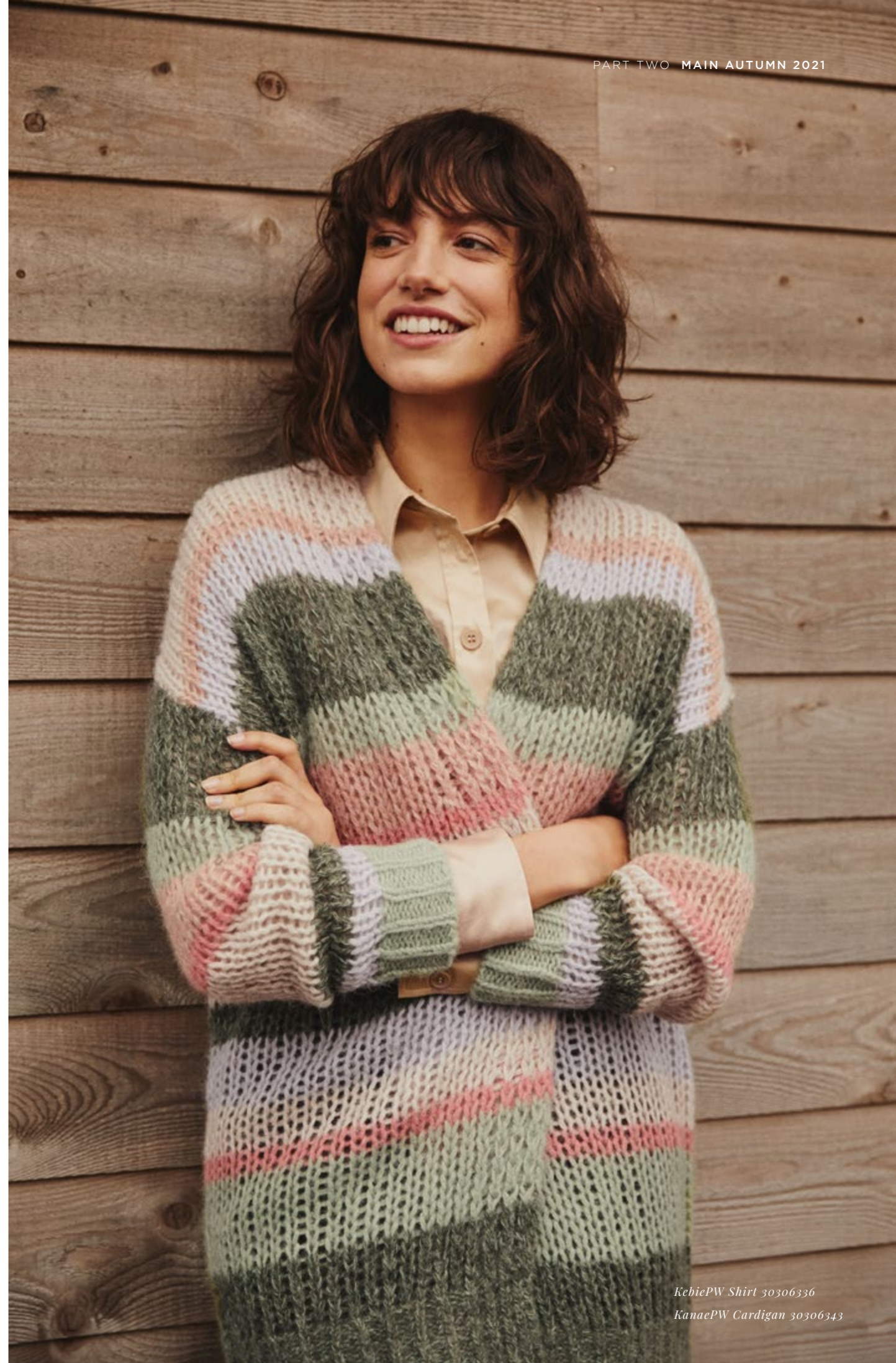
KebiePW Shirt 30306336 KanaePW Cardigan 30306343
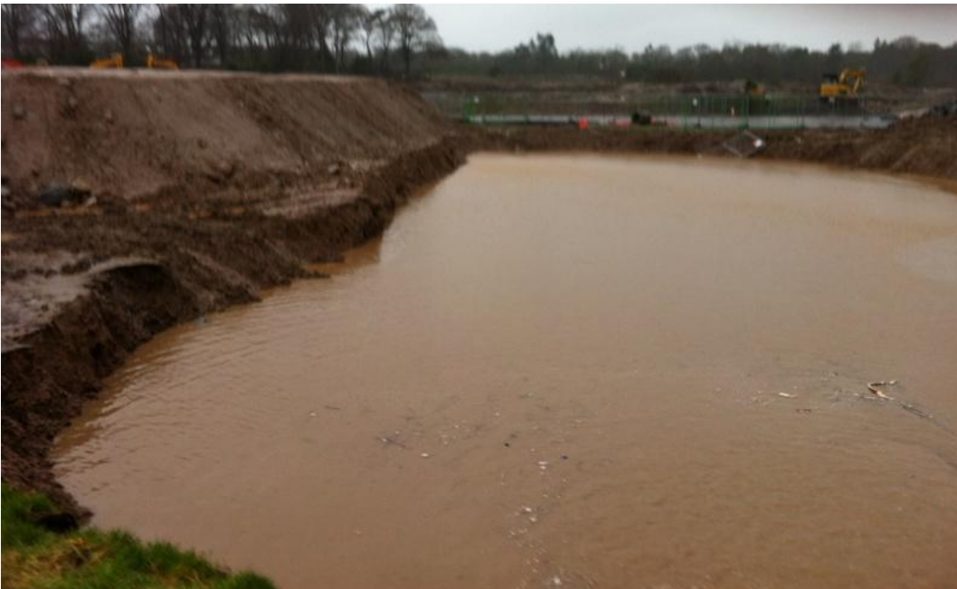
Retention Pond now very full
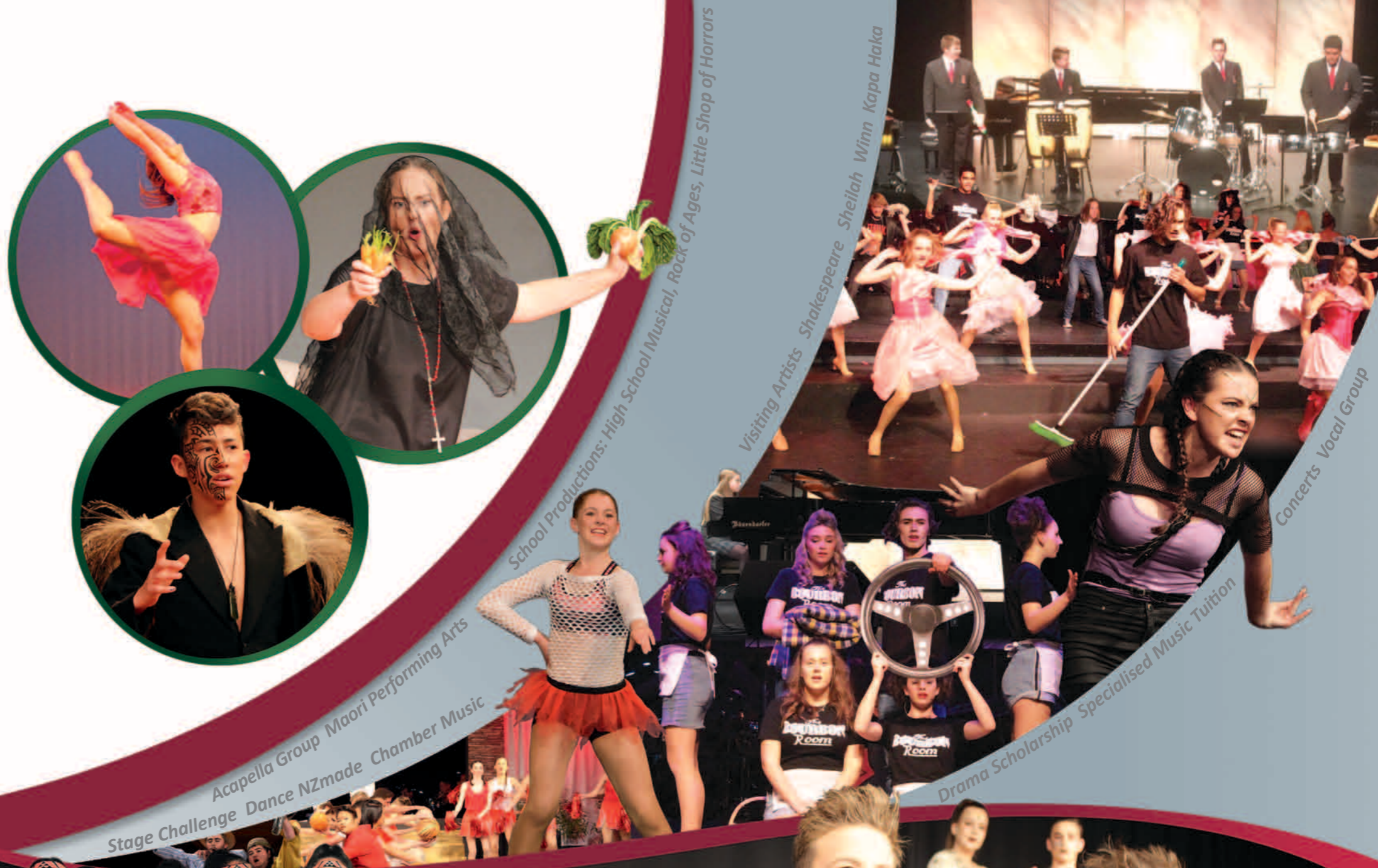
Acapella Group Maori Performing Arts Stage Challenge Dance NZmade Chamber Music
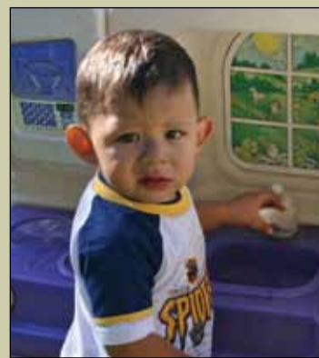
Fun on the ELC Playground

... We really look at what each baby needs individually, and provide the curriculum that meets their needs."
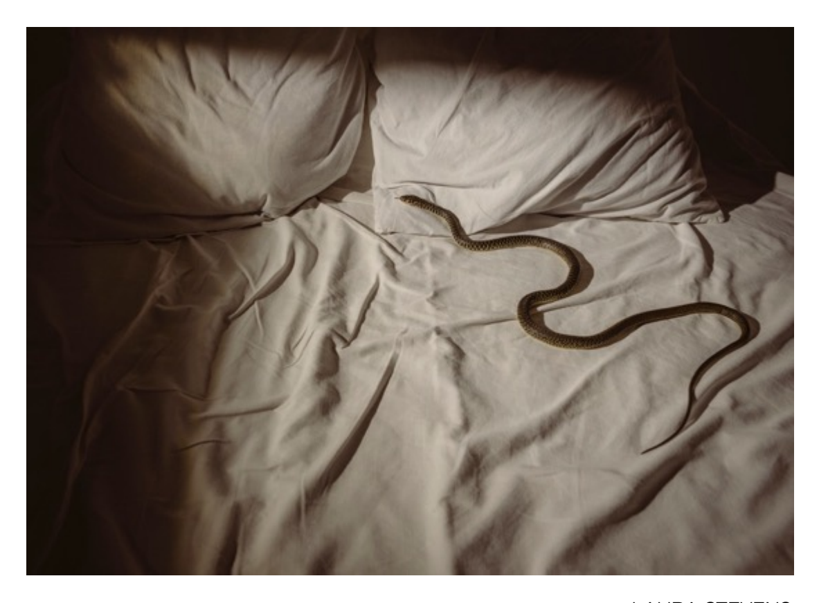
LAURA STEVENS Snake (2023) Archival pigment print 70x100cm

****

■ Exercise instructions:
Please copy out the whole listing exactly, minus its pictures.

■ Your response:
KebiePW Shirt 30306336 KanaePW Cardigan 30306343
Retention Pond now very full
Acapella Group Maori Performing Arts Stage Challenge Dance NZmade Chamber Music
Fun on the ELC Playground

... We really look at what each baby needs individually, and provide the curriculum that meets their needs."
LAURA STEVENS Snake (2023) Archival pigment print 70x100cm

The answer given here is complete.